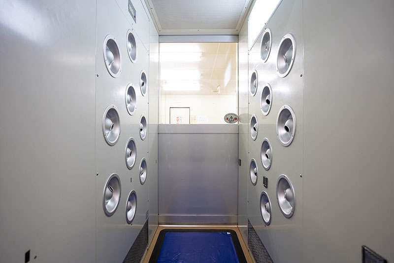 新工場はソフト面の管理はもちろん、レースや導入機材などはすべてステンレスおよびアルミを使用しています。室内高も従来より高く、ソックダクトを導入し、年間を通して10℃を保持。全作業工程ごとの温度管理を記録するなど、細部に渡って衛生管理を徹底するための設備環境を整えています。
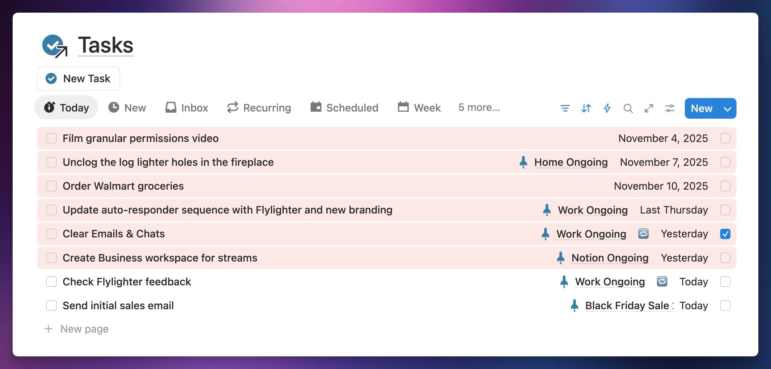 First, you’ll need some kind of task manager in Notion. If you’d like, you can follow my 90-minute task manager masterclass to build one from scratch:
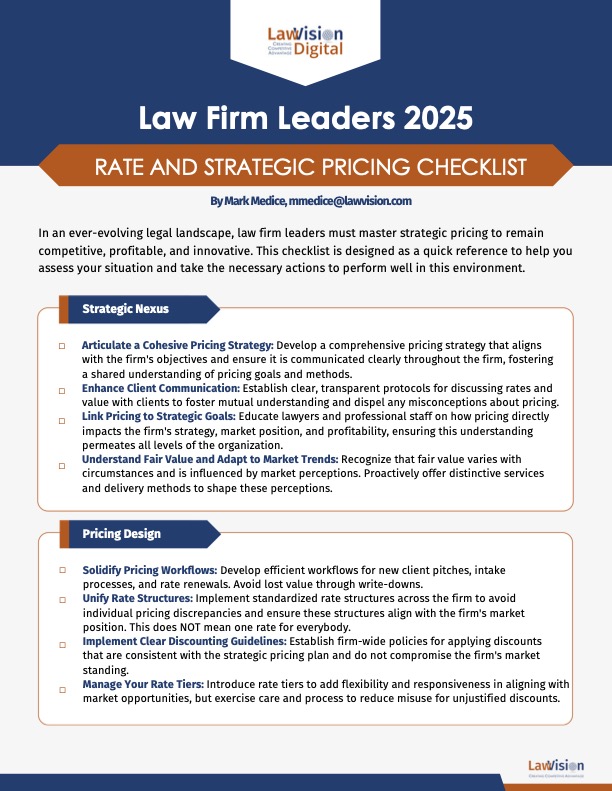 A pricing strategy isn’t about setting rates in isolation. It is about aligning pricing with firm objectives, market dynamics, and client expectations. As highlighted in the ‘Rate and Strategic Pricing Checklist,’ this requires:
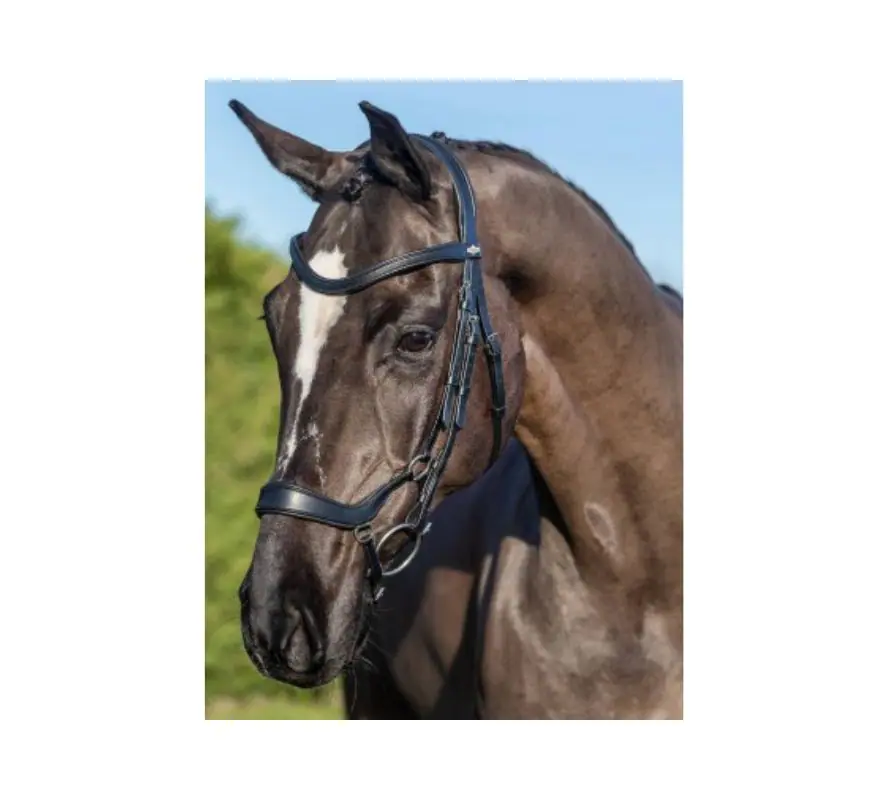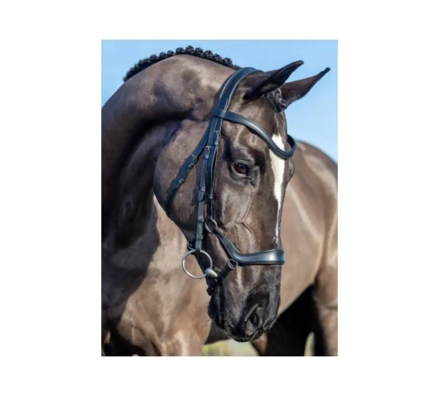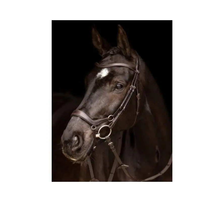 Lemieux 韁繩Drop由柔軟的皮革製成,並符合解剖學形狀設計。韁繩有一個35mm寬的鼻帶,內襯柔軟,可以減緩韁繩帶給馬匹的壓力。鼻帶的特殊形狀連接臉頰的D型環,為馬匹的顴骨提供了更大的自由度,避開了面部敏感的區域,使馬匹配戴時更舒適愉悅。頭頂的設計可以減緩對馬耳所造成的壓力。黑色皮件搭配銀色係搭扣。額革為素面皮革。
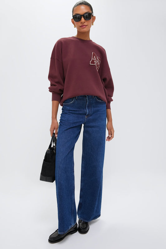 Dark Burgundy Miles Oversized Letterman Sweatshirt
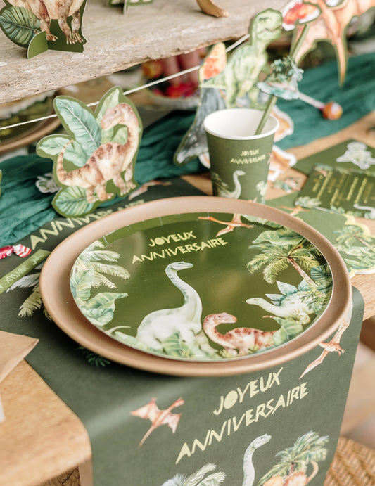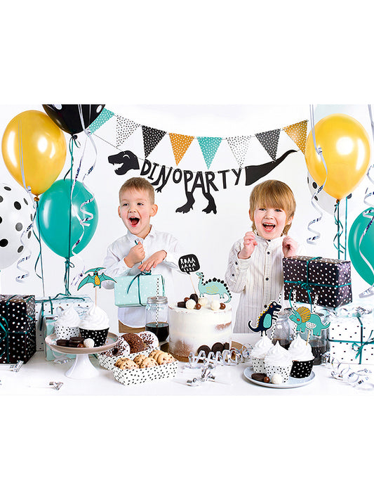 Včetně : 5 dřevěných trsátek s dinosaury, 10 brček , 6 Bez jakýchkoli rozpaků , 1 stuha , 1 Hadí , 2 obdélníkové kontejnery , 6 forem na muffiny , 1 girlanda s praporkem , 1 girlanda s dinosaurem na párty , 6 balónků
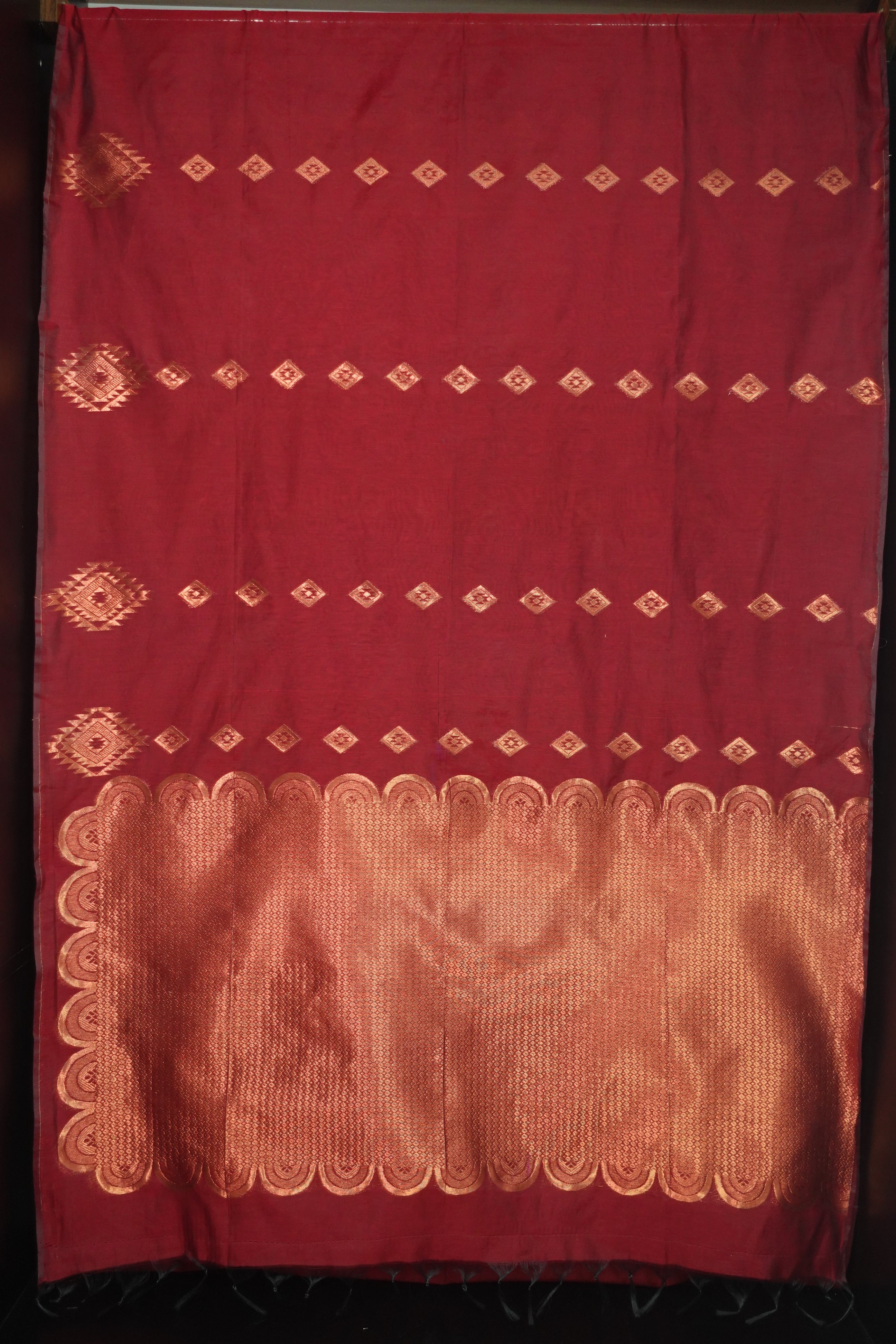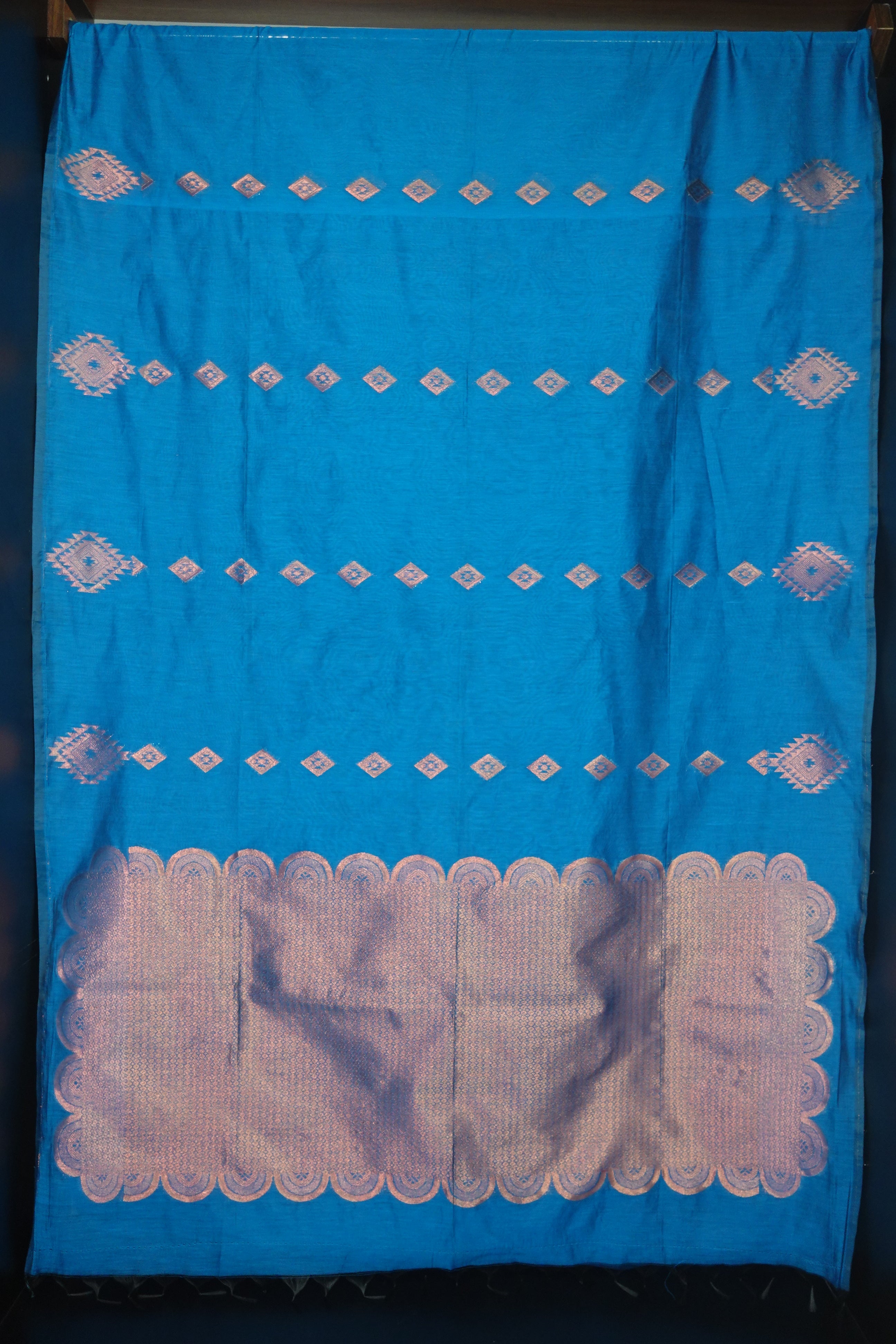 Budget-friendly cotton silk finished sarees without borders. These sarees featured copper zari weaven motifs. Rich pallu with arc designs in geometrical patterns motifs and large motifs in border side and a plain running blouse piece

INSTRUCTIONS FOR THE TASK: The lines from the start of the records above through the line that holds "Dark Burgundy Miles" are to be copied exactly, both ends included, and no pictures are to be copied.

SOLUTION FOR THIS TASK:
 新工場はソフト面の管理はもちろん、レースや導入機材などはすべてステンレスおよびアルミを使用しています。室内高も従来より高く、ソックダクトを導入し、年間を通して10℃を保持。全作業工程ごとの温度管理を記録するなど、細部に渡って衛生管理を徹底するための設備環境を整えています。
 First, you’ll need some kind of task manager in Notion. If you’d like, you can follow my 90-minute task manager masterclass to build one from scratch:
 A pricing strategy isn’t about setting rates in isolation. It is about aligning pricing with firm objectives, market dynamics, and client expectations. As highlighted in the ‘Rate and Strategic Pricing Checklist,’ this requires:
 Lemieux 韁繩Drop由柔軟的皮革製成,並符合解剖學形狀設計。韁繩有一個35mm寬的鼻帶,內襯柔軟,可以減緩韁繩帶給馬匹的壓力。鼻帶的特殊形狀連接臉頰的D型環,為馬匹的顴骨提供了更大的自由度,避開了面部敏感的區域,使馬匹配戴時更舒適愉悅。頭頂的設計可以減緩對馬耳所造成的壓力。黑色皮件搭配銀色係搭扣。額革為素面皮革。
 Dark Burgundy Miles Oversized Letterman Sweatshirt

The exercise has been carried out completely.